### What the exercise asks:
Give all the lines below again, exactly, with no pictures.

### Raw data:
---------------
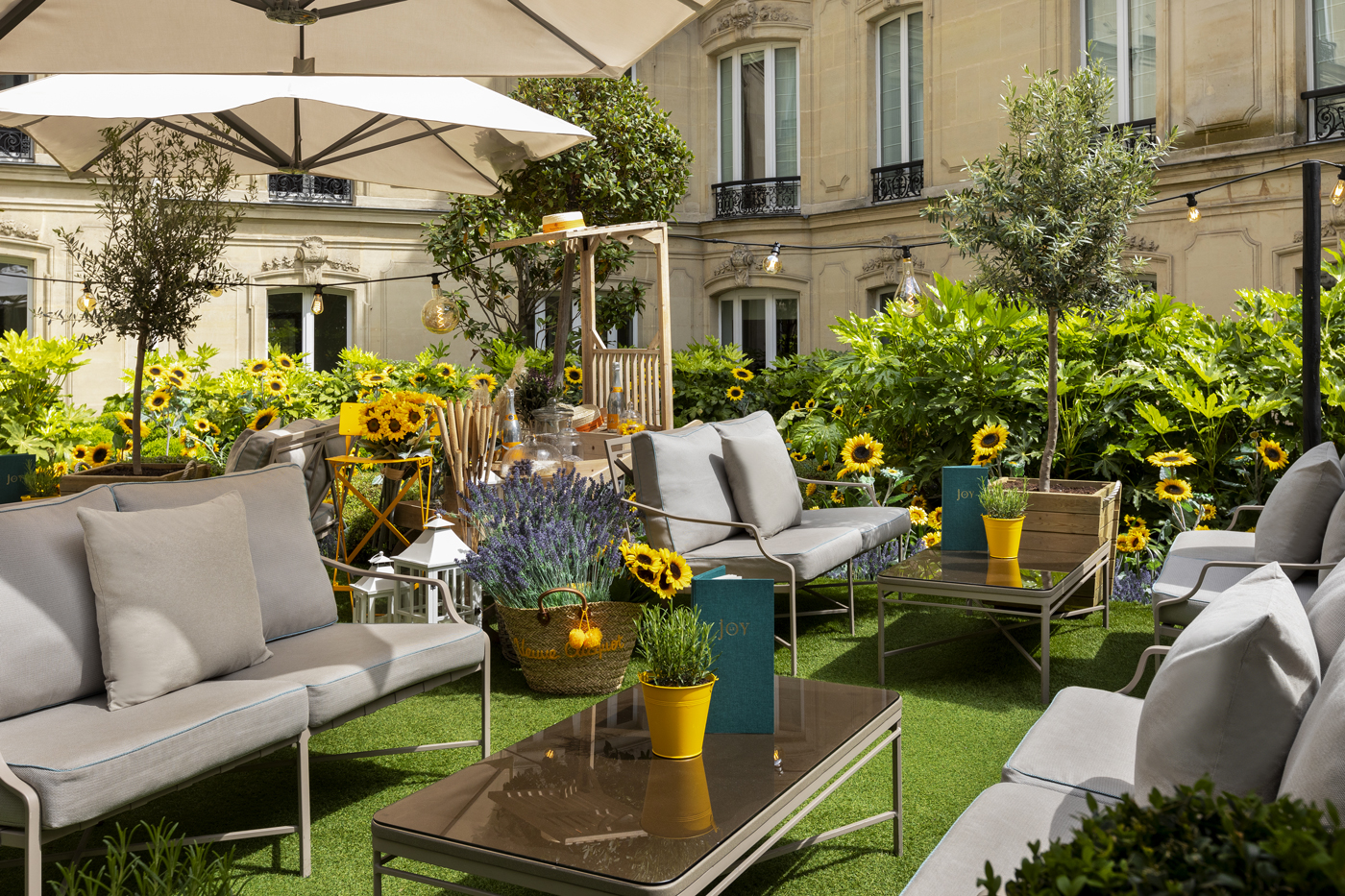 Le jaune vif des tournesols illumine la terrasse du restaurant Joy jusqu’à la fin des beaux jours. Des brassées de lavande, des paniers d’osier et une bicyclette ajoutent à la touche bucolique de ce décor estival éphémère signé Veuve Cliquot.
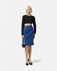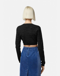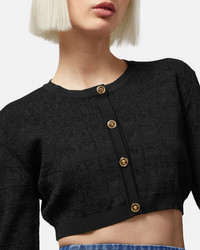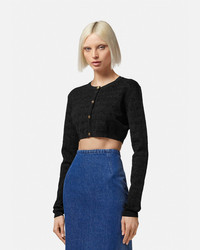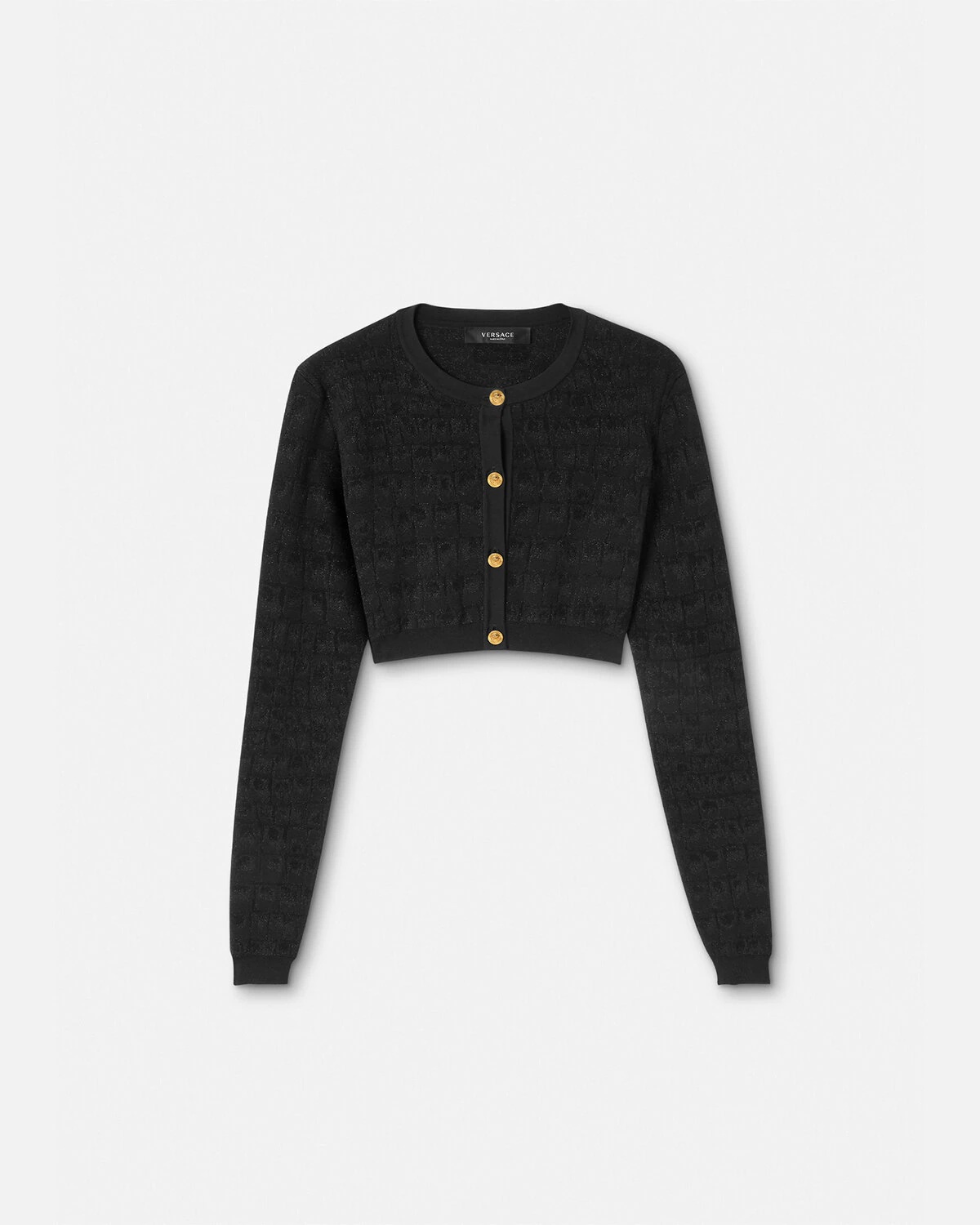 DETAILS A knit cropped cardigan with a tonal jacquard crocodile pattern in lurex threading and accent Medusa buttons - Medusa hardware - Long sleeves - Crewneck - Front button closure - Ribbed trims - Outer composition: 82% Viscose, 8% Nylon, 7% Metallised Polyester, 3% Elastane Item: 1011020-1A08878_1B000 SIZE & FIT - The model is 5'10" tall and wears size 38 - All sizes fit Italian standards
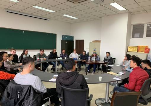 (通讯员:彭瑾)11月24日星期日下午两点,由大学英语二部主任陈万庆老师筹划开展的首期西电新校区“英语角”在南校区bwin必赢中国官网信远II区409教室举行。八位美国大学生和我校2019级大一学生参加了本次活动。此次英语角活动旨在为我校大学生搭建英语交流平台,激发学生英语学习的热情和积极性,提高跨文化交际语言综合应用能力。
---------------
### Answer to this task:
 Le jaune vif des tournesols illumine la terrasse du restaurant Joy jusqu’à la fin des beaux jours. Des brassées de lavande, des paniers d’osier et une bicyclette ajoutent à la touche bucolique de ce décor estival éphémère signé Veuve Cliquot.
 DETAILS A knit cropped cardigan with a tonal jacquard crocodile pattern in lurex threading and accent Medusa buttons - Medusa hardware - Long sleeves - Crewneck - Front button closure - Ribbed trims - Outer composition: 82% Viscose, 8% Nylon, 7% Metallised Polyester, 3% Elastane Item: 1011020-1A08878_1B000 SIZE & FIT - The model is 5'10" tall and wears size 38 - All sizes fit Italian standards
 (通讯员:彭瑾)11月24日星期日下午两点,由大学英语二部主任陈万庆老师筹划开展的首期西电新校区“英语角”在南校区bwin必赢中国官网信远II区409教室举行。八位美国大学生和我校2019级大一学生参加了本次活动。此次英语角活动旨在为我校大学生搭建英语交流平台,激发学生英语学习的热情和积极性,提高跨文化交际语言综合应用能力。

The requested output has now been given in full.